Current nuclear reactors use plutonium and uranium to create the energy, through a process where the elements undergo nuclear fission, creating thermal energy. The issue with this is that plutonium can’t catalyze efficient consumption of uranium in slowed neutron reactors, and fast neutron reactors have their own challenges, including an increased chance of overheating and meltdown. If plutonium is allowed to instead fission near thorium, the thorium would absorb the neutron from the plutonium and become Uranium-233. In the three-phase plan for efficiently using thorium, a uranium-fueled reactor consumes U-235 and as it fissions it generates neutrons that are absorbed in U-238 to create Pu-239. The Pu-239 is chemically extracted from the reactor and put into another reactor for the second phase. The second phase consumes the Pu-239 through fission, releasing neutrons near thorium that generate U-233. In the third phase, the U-233 is fissioned and releases neutrons near thorium, which absorbs the excess neutrons and creates enough plutonium to continue turning out energy as long as thorium is supplied (Sorensen 2016). U-233/Th cycle is best suited from molten salt reactors, where a breeding ratio of 1.05 can be achieved (Banerjee 2016). This means thorium is nearly self sustaining. Another benefit of thorium is its waste. Average uranium burnup is fifty GWd/t, with optimization at 135 GWd/t, which means large amounts of waste (Irwanto 2012).
Equilibrium burnups of about 10 MWd/kg of heavy element per pass are feasible in 1200 MW(e), units operating on an SSET cycle provided careful attention is given to neutron economy, and reprocessing plus fabrication losses can be kept below 1% This is important because it shows how at equilibrium, neutron economics are most efficient, and this equilibrium can be reached using thorium. (Critoph 1975). thorium already has a much shorter half life than uranium does, which means its waste lasts a shorter amount of time. Along with this, a study has shown biosorbents, especially the ginkgo leaf, which are cheap natural adsorbents, can be used as a inexpensive way to absorb radioactive thorium ions, absorbing the nuclear waste (Huang 2018). Scientists believe thorium is an effective nuclear energy source for these reasons, but there are other benefits to thorium besides the scientific examples.

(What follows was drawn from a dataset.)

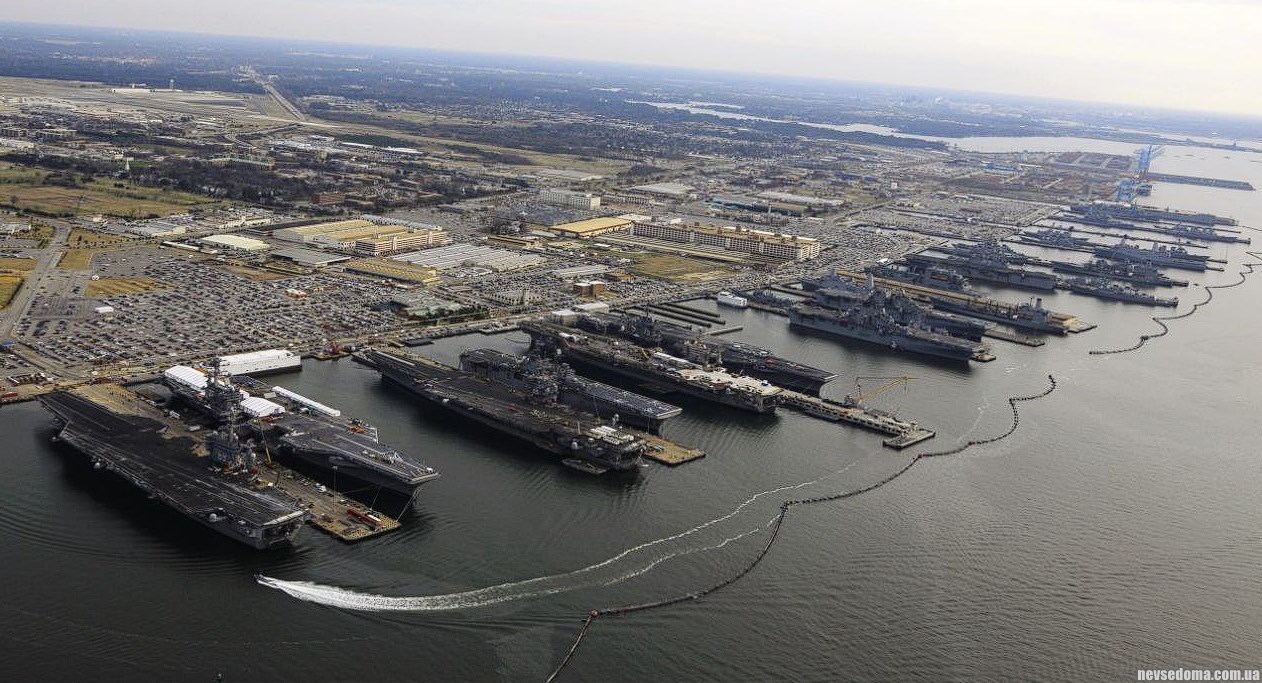 Норфолк — найбільша військово-морська база у світі із 10 причалами загальною довжиною близько 20 кілометрів.

The benefits of thorium are more appealing to the public than those of uranium. As the consumers of the energy, their views are an important consideration. Their major concern involve risks of proliferation and meltdown. thorium isn’t a concern of proliferation, with its requirement of uranium or plutonium to kickstart the reaction (Schimmoller 2014). For meltdown concerns, thorium is fertile not fissile, which means it cannot undergo radioactive decay by itself, but it can absorb a neutron from plutonium making it become Uranium-233, which is fissile, and will start the process that generates electricity (Nelson 2012). This means the reactor create energy until there’s manual interference from the scientists and/or reactor operators, so there’s no threat of the reactor reaching the critical temperatures for meltdown, since someone would be present to shut it down. However, thorium reactor requirements include design changes to existing reactors, which would allow thorium-oxide and uranium-oxide fuel rods to be interchangeable. Also, a new reactor design would be important because reaction with oxygen, nitrogen, and water vapor cause thorium to degrade (Nelson 2012).
This is a costly switch to the reactors needed to consider using thorium. Another concern with the current usage of uranium is the depleting amounts of the element in the earth’s crust. thorium is three to four times more prevalent, and uranium is estimated to last 100 years with the current uranium reserves and consumption rate (Schimmoller 2014). The more abundant thorium, burned in breeder reactors like large High Temperature Gas-Cooled Reactors, followed by chemical reprocessing of the spent fuel, could stretch the 100 years for uranium supply to 15,000 years (Furukawa 2013). thorium is more appealing to consumers out of their concerns of proliferation and depleting uranium amounts, because these are not threats with thorium, and with some expensive reactor changes thorium also isn’t a threat of meltdowns, which is another consumer concern.
Though there are many benefits of using thorium, all costs must be considered. This includes the costs needed in mining thorium and to create reactors where thorium could be used. Since there are so few miners of thorium, prices for the metal are currently much higher than uranium, although Cameco corp and unity energy corp are uranium mining companies working in areas with high thorium concentration. These companies currently don’t mine the thorium, but are in a position to do so if the demand for thorium increases, which would decrease thorium price. There are also few companies working on creating thorium reactors, with the only notable one being Lightbridge corp, a company working on creating thorium reactors that use thorium-uranium oxide pelletized fuel rods in light water reactors, replacing the uranium-oxide currently used (Energy and Capital 2018). This means there’s an opportunity for the thorium industry to grow, but with the current lack of companies working with thorium, economists believe the costs would outway potential benefits.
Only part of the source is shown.